======== Given data

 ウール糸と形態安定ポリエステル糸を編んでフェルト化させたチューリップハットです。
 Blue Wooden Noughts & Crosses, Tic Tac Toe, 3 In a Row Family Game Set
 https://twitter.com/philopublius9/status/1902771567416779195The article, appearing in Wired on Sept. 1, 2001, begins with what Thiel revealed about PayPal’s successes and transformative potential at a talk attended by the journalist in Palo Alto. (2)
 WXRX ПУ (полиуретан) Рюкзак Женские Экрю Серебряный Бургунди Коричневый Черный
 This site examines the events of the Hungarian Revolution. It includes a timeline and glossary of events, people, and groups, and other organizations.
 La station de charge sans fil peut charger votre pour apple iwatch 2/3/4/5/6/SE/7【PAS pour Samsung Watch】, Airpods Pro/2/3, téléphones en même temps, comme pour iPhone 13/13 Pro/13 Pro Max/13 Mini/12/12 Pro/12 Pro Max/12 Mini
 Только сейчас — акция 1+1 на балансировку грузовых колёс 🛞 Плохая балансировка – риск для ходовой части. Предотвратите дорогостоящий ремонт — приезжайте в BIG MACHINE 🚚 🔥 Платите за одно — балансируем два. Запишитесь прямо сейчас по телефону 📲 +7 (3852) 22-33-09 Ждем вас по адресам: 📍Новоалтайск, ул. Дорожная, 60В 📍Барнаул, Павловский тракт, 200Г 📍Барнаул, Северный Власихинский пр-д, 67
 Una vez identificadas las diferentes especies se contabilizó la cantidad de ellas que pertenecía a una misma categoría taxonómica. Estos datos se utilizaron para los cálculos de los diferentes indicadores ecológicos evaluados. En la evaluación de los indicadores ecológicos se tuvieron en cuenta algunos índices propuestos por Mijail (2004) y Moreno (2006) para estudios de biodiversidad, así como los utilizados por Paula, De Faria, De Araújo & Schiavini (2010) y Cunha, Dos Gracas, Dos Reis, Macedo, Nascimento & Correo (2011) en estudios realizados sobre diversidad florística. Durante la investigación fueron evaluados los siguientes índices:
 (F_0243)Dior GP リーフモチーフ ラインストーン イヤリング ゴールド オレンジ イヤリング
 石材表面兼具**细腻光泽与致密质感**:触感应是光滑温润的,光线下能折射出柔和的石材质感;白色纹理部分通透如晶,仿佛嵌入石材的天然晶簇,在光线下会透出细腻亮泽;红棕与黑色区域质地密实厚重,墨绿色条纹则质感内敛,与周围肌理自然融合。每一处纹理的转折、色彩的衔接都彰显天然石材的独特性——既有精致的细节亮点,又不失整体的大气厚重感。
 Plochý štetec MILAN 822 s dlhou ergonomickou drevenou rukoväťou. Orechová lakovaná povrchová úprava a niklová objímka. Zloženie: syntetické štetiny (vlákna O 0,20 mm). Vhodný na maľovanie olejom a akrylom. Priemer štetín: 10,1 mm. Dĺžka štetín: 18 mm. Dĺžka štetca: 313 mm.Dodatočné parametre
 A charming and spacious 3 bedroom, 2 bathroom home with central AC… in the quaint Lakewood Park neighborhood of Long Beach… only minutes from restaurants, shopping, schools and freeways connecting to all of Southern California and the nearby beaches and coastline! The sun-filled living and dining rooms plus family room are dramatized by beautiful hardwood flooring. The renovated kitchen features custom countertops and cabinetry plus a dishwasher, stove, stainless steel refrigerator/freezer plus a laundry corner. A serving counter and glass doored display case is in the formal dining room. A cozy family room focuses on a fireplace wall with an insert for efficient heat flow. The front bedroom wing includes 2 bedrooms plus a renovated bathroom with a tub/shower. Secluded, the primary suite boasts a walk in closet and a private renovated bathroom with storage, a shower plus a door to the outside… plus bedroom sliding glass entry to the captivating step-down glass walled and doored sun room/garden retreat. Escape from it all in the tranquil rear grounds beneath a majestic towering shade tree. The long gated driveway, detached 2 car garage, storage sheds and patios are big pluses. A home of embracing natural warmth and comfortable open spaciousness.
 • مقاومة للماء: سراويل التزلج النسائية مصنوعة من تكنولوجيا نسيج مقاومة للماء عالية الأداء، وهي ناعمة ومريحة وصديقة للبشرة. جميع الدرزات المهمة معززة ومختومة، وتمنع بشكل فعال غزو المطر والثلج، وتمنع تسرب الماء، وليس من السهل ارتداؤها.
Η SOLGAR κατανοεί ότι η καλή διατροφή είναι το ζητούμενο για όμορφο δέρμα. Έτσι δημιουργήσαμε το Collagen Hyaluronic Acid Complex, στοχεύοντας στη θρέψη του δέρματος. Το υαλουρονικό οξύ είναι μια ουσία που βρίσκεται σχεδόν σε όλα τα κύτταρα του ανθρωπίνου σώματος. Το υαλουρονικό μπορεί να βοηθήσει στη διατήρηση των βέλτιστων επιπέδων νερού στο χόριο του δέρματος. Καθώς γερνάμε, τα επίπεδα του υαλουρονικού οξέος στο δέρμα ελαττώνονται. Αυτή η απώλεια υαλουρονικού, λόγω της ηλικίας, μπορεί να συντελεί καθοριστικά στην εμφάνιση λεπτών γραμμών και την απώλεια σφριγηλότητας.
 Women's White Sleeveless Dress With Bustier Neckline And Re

================

Take the data above and return it exactly.

 ウール糸と形態安定ポリエステル糸を編んでフェルト化させたチューリップハットです。
 Blue Wooden Noughts & Crosses, Tic Tac Toe, 3 In a Row Family Game Set
 https://twitter.com/philopublius9/status/1902771567416779195The article, appearing in Wired on Sept. 1, 2001, begins with what Thiel revealed about PayPal’s successes and transformative potential at a talk attended by the journalist in Palo Alto. (2)
 WXRX ПУ (полиуретан) Рюкзак Женские Экрю Серебряный Бургунди Коричневый Черный
 This site examines the events of the Hungarian Revolution. It includes a timeline and glossary of events, people, and groups, and other organizations.
 La station de charge sans fil peut charger votre pour apple iwatch 2/3/4/5/6/SE/7【PAS pour Samsung Watch】, Airpods Pro/2/3, téléphones en même temps, comme pour iPhone 13/13 Pro/13 Pro Max/13 Mini/12/12 Pro/12 Pro Max/12 Mini
 Только сейчас — акция 1+1 на балансировку грузовых колёс 🛞 Плохая балансировка – риск для ходовой части. Предотвратите дорогостоящий ремонт — приезжайте в BIG MACHINE 🚚 🔥 Платите за одно — балансируем два. Запишитесь прямо сейчас по телефону 📲 +7 (3852) 22-33-09 Ждем вас по адресам: 📍Новоалтайск, ул. Дорожная, 60В 📍Барнаул, Павловский тракт, 200Г 📍Барнаул, Северный Власихинский пр-д, 67
 Una vez identificadas las diferentes especies se contabilizó la cantidad de ellas que pertenecía a una misma categoría taxonómica. Estos datos se utilizaron para los cálculos de los diferentes indicadores ecológicos evaluados. En la evaluación de los indicadores ecológicos se tuvieron en cuenta algunos índices propuestos por Mijail (2004) y Moreno (2006) para estudios de biodiversidad, así como los utilizados por Paula, De Faria, De Araújo & Schiavini (2010) y Cunha, Dos Gracas, Dos Reis, Macedo, Nascimento & Correo (2011) en estudios realizados sobre diversidad florística. Durante la investigación fueron evaluados los siguientes índices:
 (F_0243)Dior GP リーフモチーフ ラインストーン イヤリング ゴールド オレンジ イヤリング
 石材表面兼具**细腻光泽与致密质感**:触感应是光滑温润的,光线下能折射出柔和的石材质感;白色纹理部分通透如晶,仿佛嵌入石材的天然晶簇,在光线下会透出细腻亮泽;红棕与黑色区域质地密实厚重,墨绿色条纹则质感内敛,与周围肌理自然融合。每一处纹理的转折、色彩的衔接都彰显天然石材的独特性——既有精致的细节亮点,又不失整体的大气厚重感。
 Plochý štetec MILAN 822 s dlhou ergonomickou drevenou rukoväťou. Orechová lakovaná povrchová úprava a niklová objímka. Zloženie: syntetické štetiny (vlákna O 0,20 mm). Vhodný na maľovanie olejom a akrylom. Priemer štetín: 10,1 mm. Dĺžka štetín: 18 mm. Dĺžka štetca: 313 mm.Dodatočné parametre
 A charming and spacious 3 bedroom, 2 bathroom home with central AC… in the quaint Lakewood Park neighborhood of Long Beach… only minutes from restaurants, shopping, schools and freeways connecting to all of Southern California and the nearby beaches and coastline! The sun-filled living and dining rooms plus family room are dramatized by beautiful hardwood flooring. The renovated kitchen features custom countertops and cabinetry plus a dishwasher, stove, stainless steel refrigerator/freezer plus a laundry corner. A serving counter and glass doored display case is in the formal dining room. A cozy family room focuses on a fireplace wall with an insert for efficient heat flow. The front bedroom wing includes 2 bedrooms plus a renovated bathroom with a tub/shower. Secluded, the primary suite boasts a walk in closet and a private renovated bathroom with storage, a shower plus a door to the outside… plus bedroom sliding glass entry to the captivating step-down glass walled and doored sun room/garden retreat. Escape from it all in the tranquil rear grounds beneath a majestic towering shade tree. The long gated driveway, detached 2 car garage, storage sheds and patios are big pluses. A home of embracing natural warmth and comfortable open spaciousness.
 • مقاومة للماء: سراويل التزلج النسائية مصنوعة من تكنولوجيا نسيج مقاومة للماء عالية الأداء، وهي ناعمة ومريحة وصديقة للبشرة. جميع الدرزات المهمة معززة ومختومة، وتمنع بشكل فعال غزو المطر والثلج، وتمنع تسرب الماء، وليس من السهل ارتداؤها.
Η SOLGAR κατανοεί ότι η καλή διατροφή είναι το ζητούμενο για όμορφο δέρμα. Έτσι δημιουργήσαμε το Collagen Hyaluronic Acid Complex, στοχεύοντας στη θρέψη του δέρματος. Το υαλουρονικό οξύ είναι μια ουσία που βρίσκεται σχεδόν σε όλα τα κύτταρα του ανθρωπίνου σώματος. Το υαλουρονικό μπορεί να βοηθήσει στη διατήρηση των βέλτιστων επιπέδων νερού στο χόριο του δέρματος. Καθώς γερνάμε, τα επίπεδα του υαλουρονικού οξέος στο δέρμα ελαττώνονται. Αυτή η απώλεια υαλουρονικού, λόγω της ηλικίας, μπορεί να συντελεί καθοριστικά στην εμφάνιση λεπτών γραμμών και την απώλεια σφριγηλότητας.
 Women's White Sleeveless Dress With Bustier Neckline And Re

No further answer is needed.